What Are the Treatments for Alcoholism?

Alcohol Rehab is the most common form of treatment. The goal of treatment for alcoholism is abstinence. Among alcoholics with otherwise good health, social support, and motivation, the likelihood of recovery is good. Approximately 50% to 60% remain abstinent at the end of a year’s treatment and a majority of those stay dry permanently. Those with poor social support, poor motivation, or psychiatric disorders tend to relapse within a few years of treatment. For these people, success is measured by longer periods of abstinence, reduced use of alcohol, better health, and improved social functioning.

When Is It Time for Treatment? (Alcohol Rehab)

Alcohol-related problems — which result from drinking too much, too fast, or too often — are among the most significant public health issues in the United States.

Many people struggle with controlling their drinking at some time in their lives. Approximately 17 million adults ages 18 and older have an alcohol use disorder (AUD) and 1 in 10 children live in a home with a parent who has a drinking problem.

Does Alcohol Rehab Treatment Work?

The good news is that no matter how severe the problem may seem, most people with an alcohol use disorder can benefit from some form of Alcohol Rehab treatment.

Research shows that about one-third of people who are treated for alcohol problems have no further symptoms 1 year later. Many others substantially reduce their drinking and report fewer alcohol-related problems.

Signs of an Alcohol Problem

Alcohol use disorder (AUD) is a medical condition that doctors diagnose when a patient’s drinking causes distress or harm. The condition can range from mild to severe and is diagnosed when a patient answers “yes” to two or more of the following questions.

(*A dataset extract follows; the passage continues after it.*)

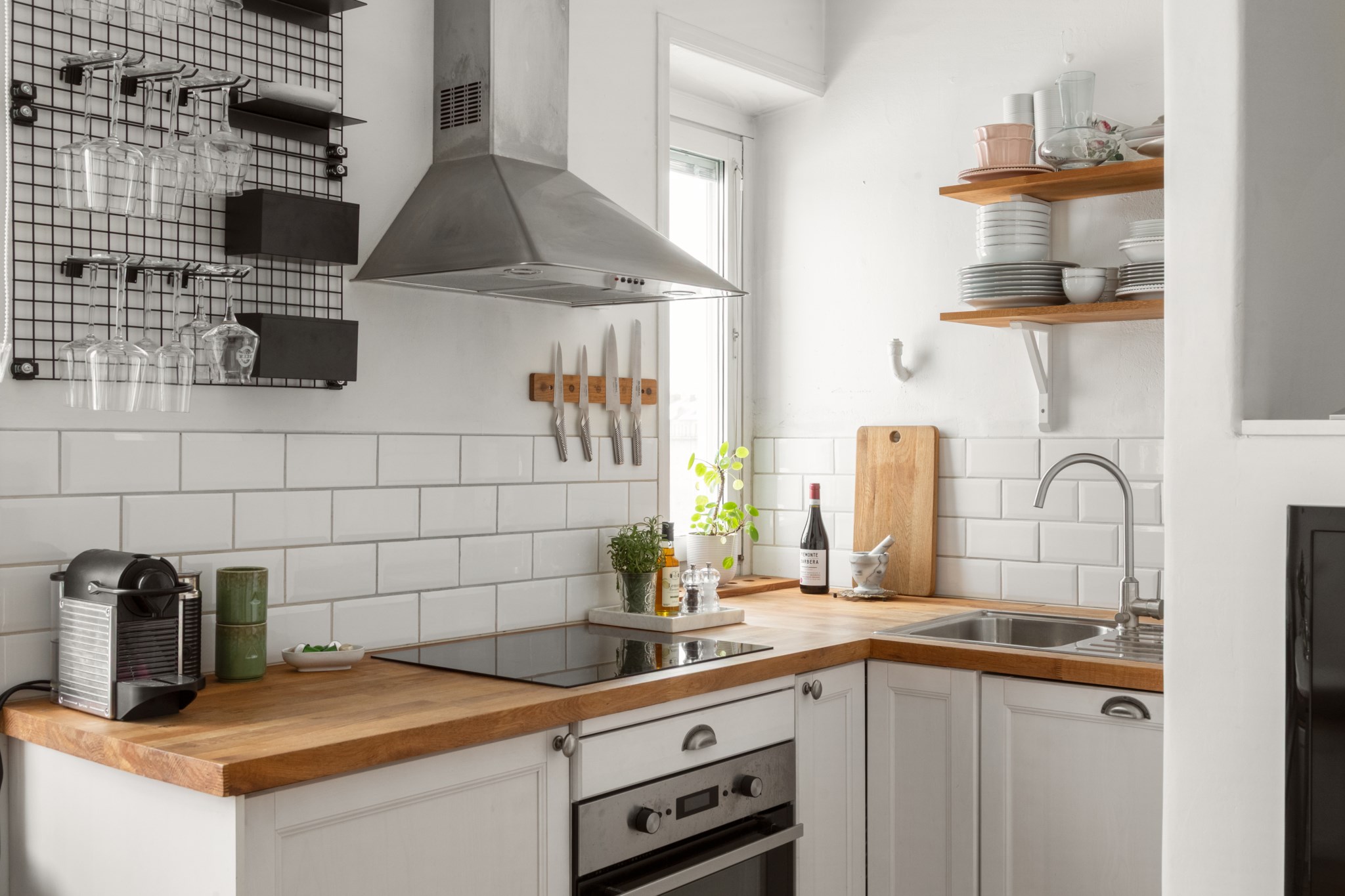 Fint och ljusmålat kök med ljus parkett och kaklat stänkskydd ovan arbetsytorna. Generöst ljusinsläpp från fönster. Köket är utrustat med spis, vägghängd fläkt, kombinationsugn, kyl med frysfack och diskmaskin.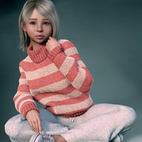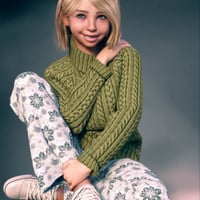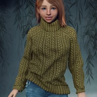 The chunky jersey is loose-fitting and cozy, made of thick-knit material. It has a turtleneck with oversized sleeves that gather at the wrists. The included color presets complement the other clothing items perfectly.

  • In the past year, have you:
  • Had times when you ended up drinking more, or longer than you intended?
  • More than once wanted to cut down or stop drinking, or tried to, but couldn’t?
  • Spent a lot of time drinking? Or being sick or getting over the aftereffects?
  • Experienced craving — a strong need, or urge, to drink?
  • Found that drinking — or being sick from drinking — often interfered with taking care of your home or family? Or caused job troubles? Or school problems?
  • Continued to drink even though it was causing trouble with your family or friends?
  • Given up or cut back on activities that were important or interesting to you, or gave you pleasure, in order to drink?
  • More than once gotten into situations while or after drinking that increased your chances of getting hurt (such as driving, swimming, using machinery, walking in a dangerous area, or having unsafe sex)?
  • Continued to drink even though it was making you feel depressed or anxious or adding to another health problem? Or after having had a memory blackout?
  • Had to drink much more than you once did to get the effect you want? Or found that your usual number of drinks had much less effect than before?
  • Found that when the effects of alcohol were wearing off, you had withdrawal symptoms, such as trouble sleeping, shakiness, irritability, anxiety, depression, restlessness, nausea, or sweating? Or sensed things that were not there?

If you have any of these symptoms, your drinking may already be a cause for concern and you may need Alcohol Rehab treatment. The more symptoms you have, the more urgent the need for change. A health professional can conduct a formal assessment of your symptoms to see if an alcohol use disorder is present. For an assessment of your drinking pattern call National Treatment Centers today by calling (844) 523-2021.

Options for Treatment

When asked how alcohol problems are treated, people commonly think of 12-step programs or 28-day inpatient rehab, but may have difficulty naming other options. In fact, there are a variety of treatment methods currently available, thanks to significant advances in the field over the past 60 years.

Ultimately, there is no one-size-fits-all solution, and what may work for one person may not be a good fit for someone else. Simply understanding the different options can be an important first step.

Types of Treatment

Behavioral Treatments

Behavioral treatments are aimed at changing drinking behavior through counseling. They are led by health professionals and supported by studies showing they can be beneficial.

Medications

Three medications are currently approved in the United States to help people stop or reduce their drinking and prevent relapse. They are prescribed by a primary care physician or other health professional and may be used alone or in combination with counseling.

Mutual-Support Groups

Alcoholics Anonymous (AA) and other 12-step programs provide peer support for people quitting or cutting back on their drinking. Combined with treatment led by health professionals, mutual-support groups can offer a valuable added layer of support.